I just installed an Autopilot MDT timer in my grow room and the light coming off the LED display lights up my entire grow room. 

Even though the LED is green, I find this totally unacceptable for the critical period.

This light is so bright I can see throughout the entire room. I could work in this light.

Anyone else using this timer?


----------



## Grower13 (Dec 9, 2015)

cut  out a dark plastic cover for the display and use Velcro to hold it in place so you can take on an off a million times.   :48:


----------



## pcduck (Dec 10, 2015)

Aluminum tape also works. After a hundred or so checks, will need to replace tape.


----------



## Hackerman (Dec 10, 2015)

I am going to try some red film over the display so I can still see it without the light being so bright. If that doesn't work, I'll just cover it with tape.

Still, you would think that the people designing this would know it's going into a grow room. ????


----------



## sMACkaddict (Dec 10, 2015)

would green film be a better idea?


----------



## The Hemp Goddess (Dec 10, 2015)

I think that they did think about it and that is why the display is green and not some other color.  I agree with smack--I would not be for using red film--use green.


----------



## Hackerman (Dec 10, 2015)

Unfortunately, that whole thing about green light is bull. At least with cannabis.

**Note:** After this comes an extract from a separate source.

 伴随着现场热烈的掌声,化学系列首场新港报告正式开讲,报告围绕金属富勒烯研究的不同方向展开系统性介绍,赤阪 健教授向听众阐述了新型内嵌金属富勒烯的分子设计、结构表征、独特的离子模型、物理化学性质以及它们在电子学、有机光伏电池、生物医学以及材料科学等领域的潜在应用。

Last year, I ran a test with a 12/12 HPS and a plant in mid flower. I added a green light 24/7 and in a short time, the plants began to re-veg. So, green or red.... same diff. as best I can tell from my own experience.

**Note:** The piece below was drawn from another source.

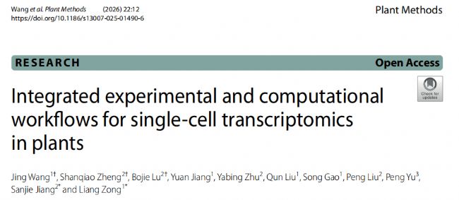 Wang J, Zheng S, Lu B, et al. Integrated experimental and computational workflows for single-cell transcriptomics in plants. Plant Methods. 2026;22(1):12. Published 2026 Jan 3. doi:10.1186/s13007-025-01490-6

Other than during programming, the LED doesn't really provide any useful info to me. Maybe there's a way to turn it off in the programming. I'll RTFM and see. Otherwise it's electrical tape.... just like the other LEDs in the room. LOL

Thanks for the input.


----------



## Rosebud (Dec 10, 2015)

That is an interesting test you ran. Nice to know, thanks.


----------



## Hackerman (Dec 10, 2015)

I never really said much about it because it seems to be pretty common to hear otherwise and I wanted to confirm 100% by running the test again. Never got around to it. And, posting stuff that is against the norm is usually just a flamefest waiting to happen. LOL

I just started up some clones and I'll have a bunch of extras to experiment with. If they get big enough between now and Christmas, I'll decorate the extras and give them away as gifts. LOL I'll toss 2 in a box with cfl 12/12 and green lights 24.


----------